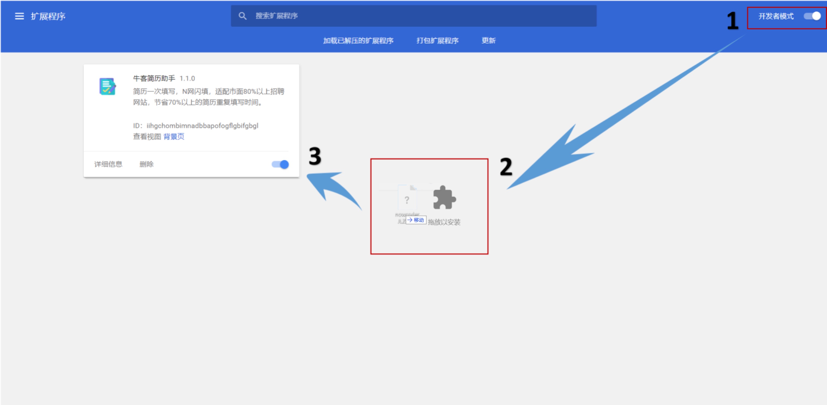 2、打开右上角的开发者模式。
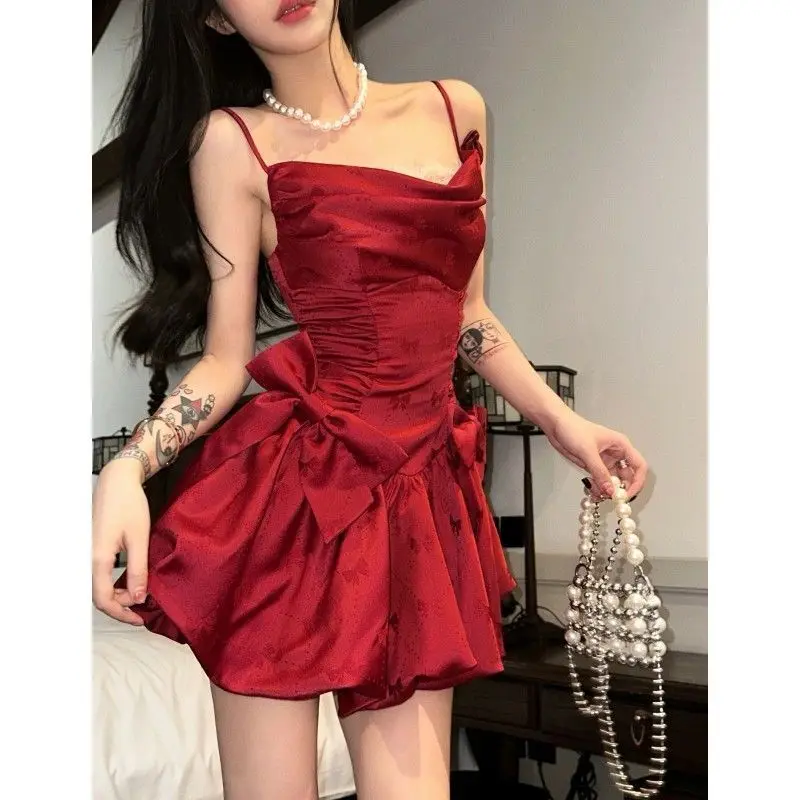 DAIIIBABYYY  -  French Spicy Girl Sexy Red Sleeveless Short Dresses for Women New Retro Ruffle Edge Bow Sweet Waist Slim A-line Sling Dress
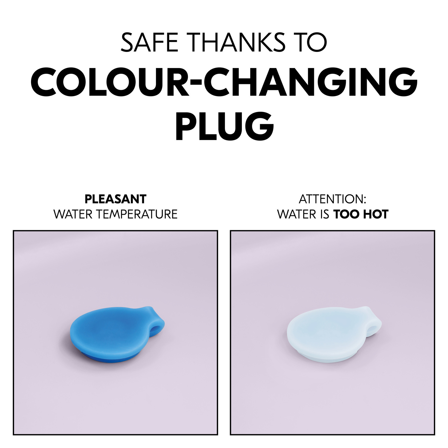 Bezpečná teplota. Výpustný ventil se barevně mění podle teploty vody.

▶ [Required action] Leave every picture out and set down exactly the lines running from the one with "DAIIIBABYYY  -  French" to the last line of the material above.

▶ [Exercise solution]
 DAIIIBABYYY  -  French Spicy Girl Sexy Red Sleeveless Short Dresses for Women New Retro Ruffle Edge Bow Sweet Waist Slim A-line Sling Dress
 Bezpečná teplota. Výpustný ventil se barevně mění podle teploty vody.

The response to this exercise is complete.